**Listed records**:

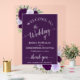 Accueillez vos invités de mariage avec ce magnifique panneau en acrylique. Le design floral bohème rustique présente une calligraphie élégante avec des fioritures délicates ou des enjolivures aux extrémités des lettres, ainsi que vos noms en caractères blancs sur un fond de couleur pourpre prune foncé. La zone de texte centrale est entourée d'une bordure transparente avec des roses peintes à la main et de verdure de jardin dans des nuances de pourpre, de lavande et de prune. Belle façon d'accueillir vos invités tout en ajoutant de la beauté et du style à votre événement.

--

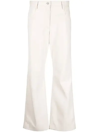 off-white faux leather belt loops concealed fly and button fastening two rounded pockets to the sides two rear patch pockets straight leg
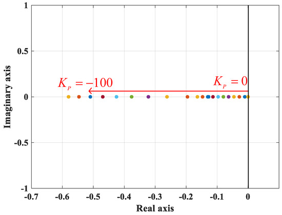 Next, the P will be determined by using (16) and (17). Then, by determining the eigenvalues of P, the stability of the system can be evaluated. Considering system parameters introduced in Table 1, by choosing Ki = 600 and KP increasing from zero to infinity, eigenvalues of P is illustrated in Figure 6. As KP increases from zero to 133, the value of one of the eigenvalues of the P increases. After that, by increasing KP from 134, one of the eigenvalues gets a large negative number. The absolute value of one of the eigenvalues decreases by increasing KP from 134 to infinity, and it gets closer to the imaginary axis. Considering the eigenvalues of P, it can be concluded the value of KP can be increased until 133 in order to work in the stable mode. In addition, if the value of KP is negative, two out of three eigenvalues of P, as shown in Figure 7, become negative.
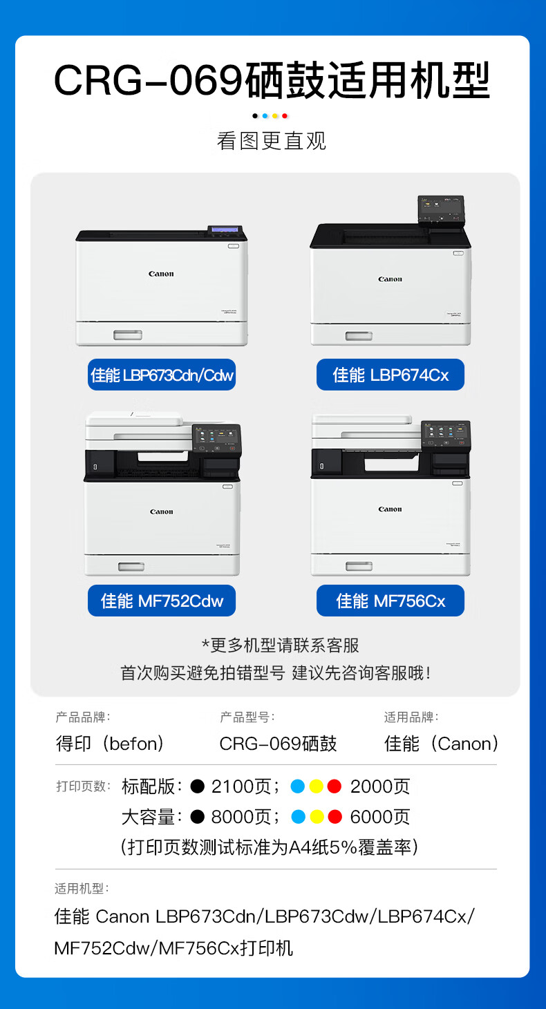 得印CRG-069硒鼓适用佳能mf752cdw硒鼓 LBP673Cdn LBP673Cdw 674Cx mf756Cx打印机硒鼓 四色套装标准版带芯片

**The problem**:
Please output, exactly as written, the lines above from the one holding "Next, the P" through the one holding "得印CRG-069硒鼓适用佳能mf752cdw硒鼓 LBP673Cdn LBP673Cdw", both included, with the pictures omitted.

**Finished exercise**:
 Next, the P will be determined by using (16) and (17). Then, by determining the eigenvalues of P, the stability of the system can be evaluated. Considering system parameters introduced in Table 1, by choosing Ki = 600 and KP increasing from zero to infinity, eigenvalues of P is illustrated in Figure 6. As KP increases from zero to 133, the value of one of the eigenvalues of the P increases. After that, by increasing KP from 134, one of the eigenvalues gets a large negative number. The absolute value of one of the eigenvalues decreases by increasing KP from 134 to infinity, and it gets closer to the imaginary axis. Considering the eigenvalues of P, it can be concluded the value of KP can be increased until 133 in order to work in the stable mode. In addition, if the value of KP is negative, two out of three eigenvalues of P, as shown in Figure 7, become negative.
 得印CRG-069硒鼓适用佳能mf752cdw硒鼓 LBP673Cdn LBP673Cdw 674Cx mf756Cx打印机硒鼓 四色套装标准版带芯片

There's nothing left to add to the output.